The oil recovery is gaining steam with crude light rising 10% today. It’s the fifth straight day of gains for the commodity and has traders taking a fresh look at energy stocks to buy. All of this has Chevron (NYSE:CVX) stock catching my eye.
Let’s break down the action in oil and investigate how we can use options to juice our returns with Chevron stock.
Oil Takes Flight
Much has been said about the fiasco that drove crude sub-zero last month. It has been necessary to update my take on the oil charts each time I’ve talked about individual energy companies (see here and here) because the backdrop matters so much to their direction. As we’ve seen in recent weeks, low oil prices kill the profitability of energy companies. And if the prices stay depressed for too long, it can murder the company outright. Just ask Diamond Offshore (NYSE:DO) or Whiting Petroleum (NYSE:WLL).

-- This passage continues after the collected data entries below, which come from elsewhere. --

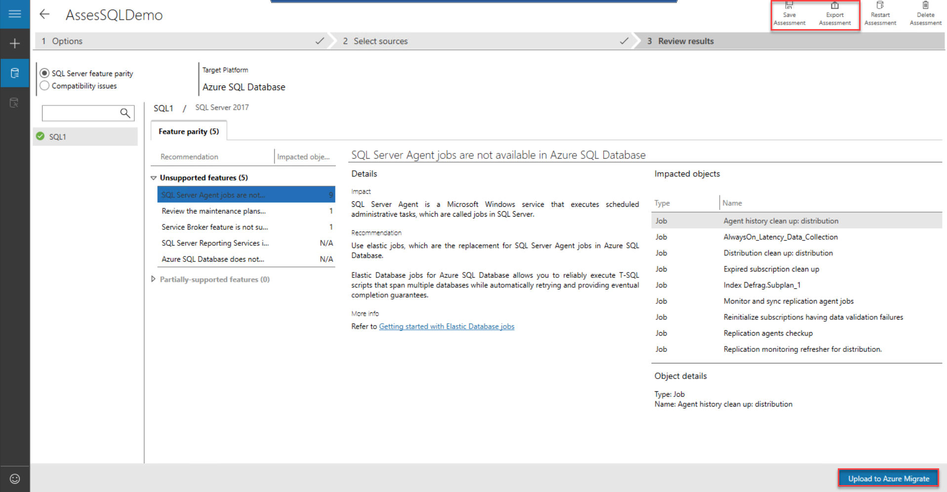 Once the assessment process completed successfully, review the list of breaking points and unsupported features that are provided by the Data Migration Assistant, with the ability to save the assessment result, export it or upload it to Azure Migrate tool, as shown below: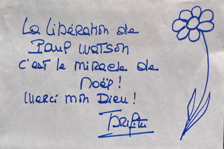 Message de Brigitte Bardot à l'issue de la libération de Paul Watson
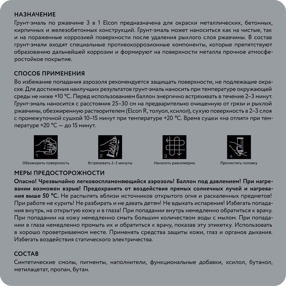 | Свойства | преобразователь ржавчины/антикоррозионный грунт/износостойкий финишный слой |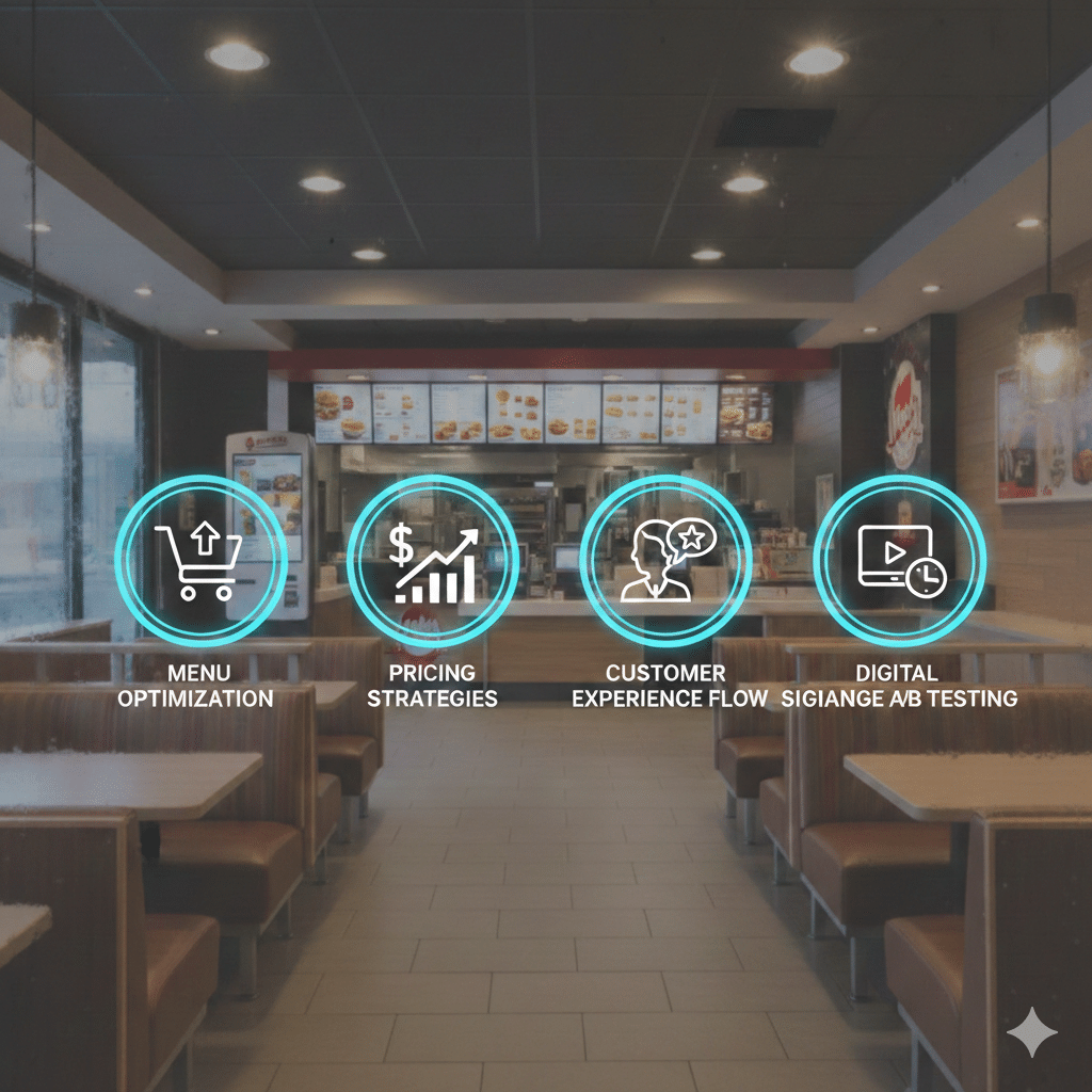 Test restaurant changes, kiosk placement, and signage with statistically sound control groups across regions.

That fact, more than anything, is why rebounding crude should be celebrated. The fewer companies that kick the bucket, the fewer jobs that will be lost. Ultimately, the return of stability to the energy markets means we have one less issue ailing our already shaky economy.
With today’s gush, crude has returned to the levels it saw when the Saudi Arabia-Russia price war sparked in early-March. The fact that we’ve finally returned is a victory for bulls. I wouldn’t be surprised if we see some supply come into play here though. Unfilled gaps like this have a tendency of turning into resistance. Given the torrid pace of its ascent, however, some consolidation in this area wouldn’t be the worst thing in the world.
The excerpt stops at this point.